Читаем Cryptonomicon полностью

Solitaire is only as secure as the key. That is, the easiest way to break Solitaire is to figure out what key the communicants are using. If you don't have a good key, none of the rest this matters. Here are some suggestions for exchanging a key.

1. Shuffle the deck. A random key is the best. One of the communicants can shuffle up a random leck and then create another, identical deck. One goes to the sender and the other to the receiver. Most people are not good shufflers, so shuffle the deck at least ten times, and try to use a deck that has been played with instead of a fresh deck out of the box. Remember to keep a spare deck in the keyed order, otherwise if you make a mistake you'll never be able to decrypt the message. Also remember that the key is at risk as long as it exists; the secret police could find the deck and copy down its order.

2. Use a bridge ordering. A description of a set of bridge hands that you might see in a newspaper or a bridge book is about a 95-bit key. If the communicants can agree on a way to convert that to a deck ordering and a way to set the jokers (perhaps after the first two cards that are mentioned in the discussion of the game), this can work. Be warned: the secret police can find your bridge column and copy down the order. You can try setting up some repeatable convention for which bridge column to use; for example, "use the bridge column in your home town newspaper for the day on which you encrypt the message," or something like that. Or use a list of keywords to search the New York Timeswebsite, and use the bridge column for the day of the article that comes up when you search on those words. If the keywords are found or intercepted, they look like a passphrase. And pick your own convention; remember that the secret police read Neal Stephenson's books, too.
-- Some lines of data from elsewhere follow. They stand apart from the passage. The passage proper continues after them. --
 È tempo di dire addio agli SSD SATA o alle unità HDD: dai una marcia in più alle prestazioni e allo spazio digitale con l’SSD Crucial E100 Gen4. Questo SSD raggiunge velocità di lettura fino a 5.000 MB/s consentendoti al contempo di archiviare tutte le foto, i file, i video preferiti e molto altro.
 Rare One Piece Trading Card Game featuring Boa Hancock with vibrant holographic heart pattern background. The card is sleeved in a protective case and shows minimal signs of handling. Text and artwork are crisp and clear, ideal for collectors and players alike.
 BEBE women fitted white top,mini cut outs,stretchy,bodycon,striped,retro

3. Use a passphrase to order the deck. This method uses the Solitaire algorithm to create an initial deck ordering. Both the sender and receiver share a passphrase. (For example, "SECRET KEY.") Start with the deck in a fixed order; lowest card to highest card, in bridge suits. Perform the Solitaire operation, but instead of Step 5, do another count cut based on the first character of the passphrase (19, in this example). (Remember to put the top cards just above the bottom card in the deck, as before.) Do this once for each character. Use another two characters to set the positions of the jokers. Remember, though, that there are only about 1.4 bits of randomness per character in standard English. You're going to want at least an 80-character passphrase to make this secure; I recommend at least 120 characters. (Sorry, but you just can't get good security with a shorter key.)
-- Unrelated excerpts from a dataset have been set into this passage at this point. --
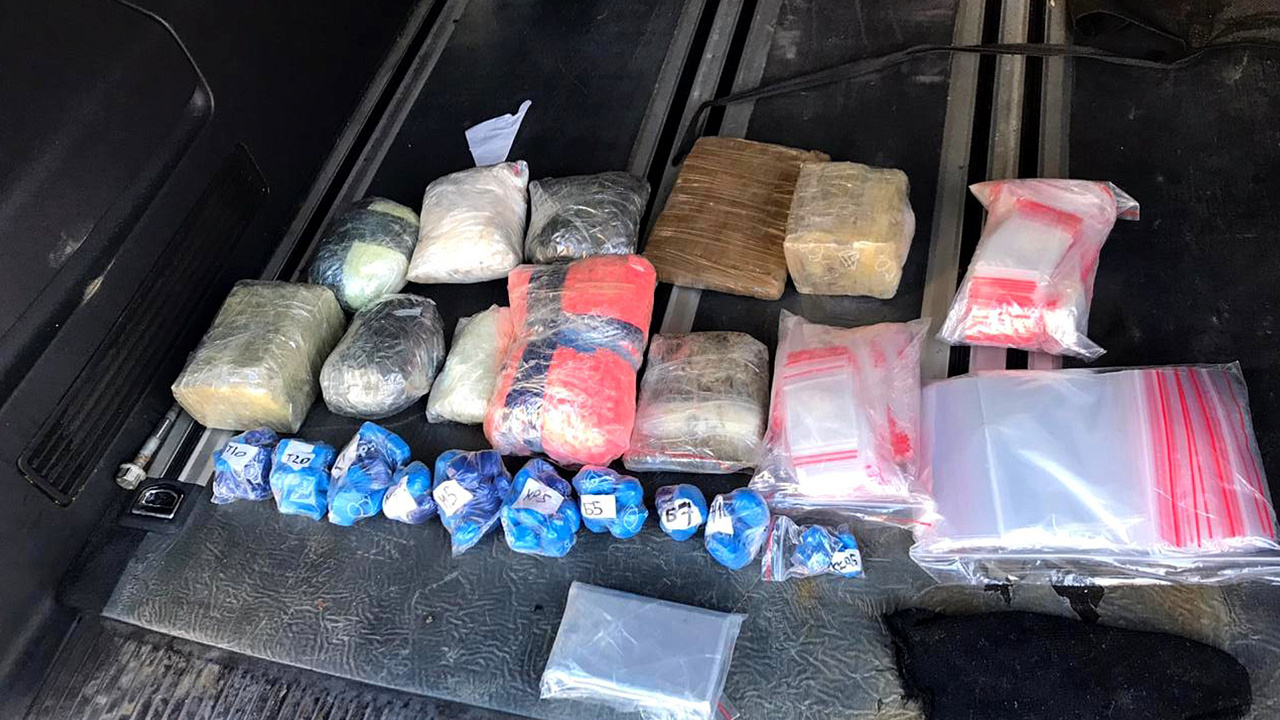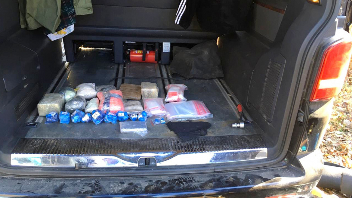 Автомобиль, на котором передвигались обвиняемые, был остановлен силовиками в селе Яманцуг Приволжского района Астраханской области. В салоне транспортного средства, а также из тайников полицейские изъяли 2,5 кг «соли», около 2 кг гашиша, свыше 1,3 кг «экстази», 750 граммов марихуаны, порядка 30 граммов кокаина и амфетамина.
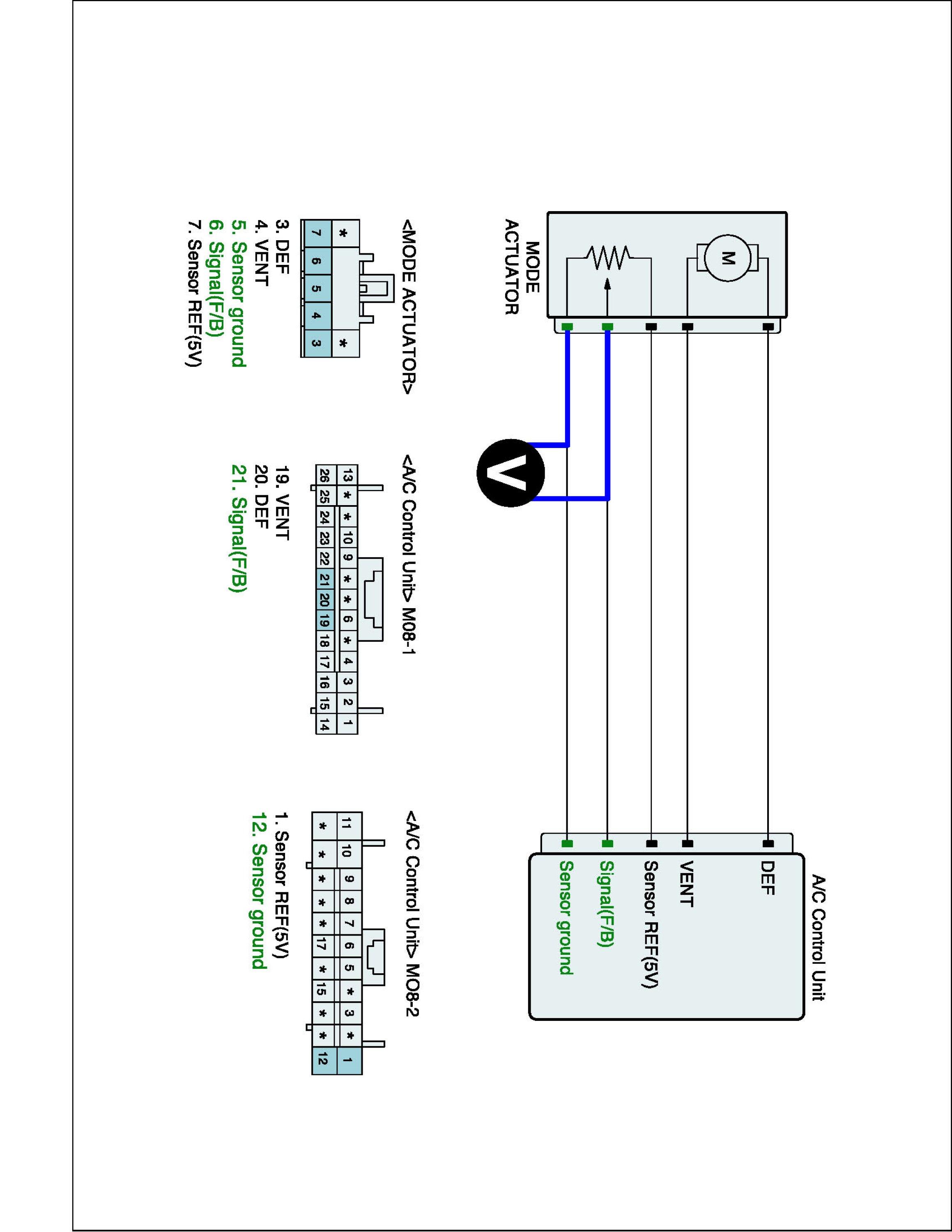 4. Measure voltage between Signal (F/B) terminal of Driver Direction actuator harness connector and Sensor ground (-) terminal of A/C-ECU harness connector. (Component side)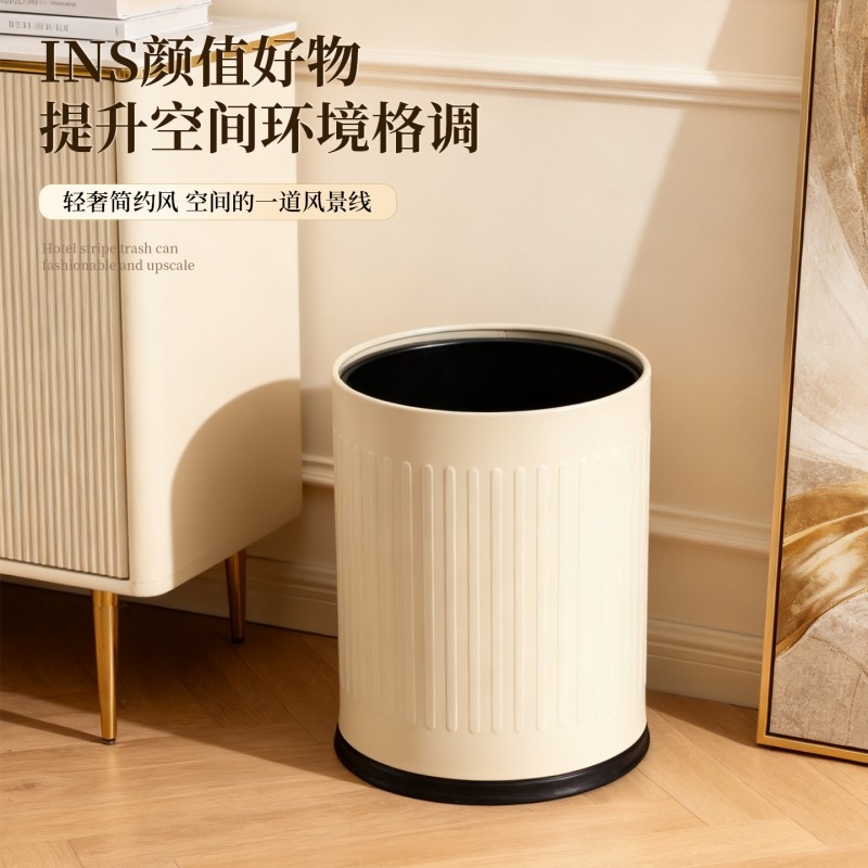 酒店客房垃圾桶铁烤漆大容量奶油风罗马纹阻燃纸篓高颜值民宿商用

Here's some sample data to practice your Solitaire skills with:

Sample 1: Start with an unkeyed deck: A(clubs) through K(clubs), A(hearts) through K(hearts), A(diamonds) through K(diamonds), A(spades) through K(spades), A joker, B joker (you can think of this as 1--52, A, B). The first ten outputs are:

4 49 10 (53) 24 8 51 44 6 33

The 53 is skipped, of course. I just put it there for demonstration. If the plain text is:

AAAAA AAAAA

then the cipher text is:

EXKYI ZSGEH

Sample 2: Using keying method 3 and the key "FOO," the first fifteen outputs are:

8 19 7 25 20 (53) 9 8 22 32 43 5 26 17 (53) 38 48

If the plain text is all As, the cipher text is:

ITHZU JIWGR FARMW

Sample 3: Using keying method 3 and the key "CRYPTONOMICON," the message "SOLITAIRE" encrypts to:

KIRAK SFJAN

Of course, you should use a longer key. These samples are for test purposes only. There are more samples on the website, and you can use the book's PERL script to create your own.

Solitaire is designed to be secure even if the enemy knows how the algorithm works. I have assumed that Cryptonomiconwill be a best seller, and that copies will be available everywhere. I assume that the NSA and everyone else will study the algorithm and will watch for it. I assume that the only secret is the key.
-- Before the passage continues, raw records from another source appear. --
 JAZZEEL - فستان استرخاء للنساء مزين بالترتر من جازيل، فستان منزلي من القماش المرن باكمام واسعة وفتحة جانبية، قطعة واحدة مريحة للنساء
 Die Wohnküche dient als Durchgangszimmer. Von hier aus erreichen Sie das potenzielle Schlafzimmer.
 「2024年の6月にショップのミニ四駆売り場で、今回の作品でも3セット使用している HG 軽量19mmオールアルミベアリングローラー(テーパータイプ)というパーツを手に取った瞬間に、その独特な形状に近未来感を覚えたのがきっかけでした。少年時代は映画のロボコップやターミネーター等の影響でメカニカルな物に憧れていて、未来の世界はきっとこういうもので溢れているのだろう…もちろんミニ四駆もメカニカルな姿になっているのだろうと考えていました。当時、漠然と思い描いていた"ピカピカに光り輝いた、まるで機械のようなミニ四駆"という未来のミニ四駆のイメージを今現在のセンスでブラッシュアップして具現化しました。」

That's why keeping the key secret is so important. If you have a deck of cards in a safe place, you should assume the enemy will at least entertain the thought that you are using Solitaire. If you have a bridge column in your safe deposit box, you should expect to raise a few eyebrows. If any group is known to be using the algorithm, expect the secret police to maintain a database of bridge columns to use in cracking attempts. Solitaire is strong even if the enemy knows you are using it, and a simple deck of playing cards is still much less incriminating than a software encryption program running on your laptop, but the algorithm is no substitute for street smarts.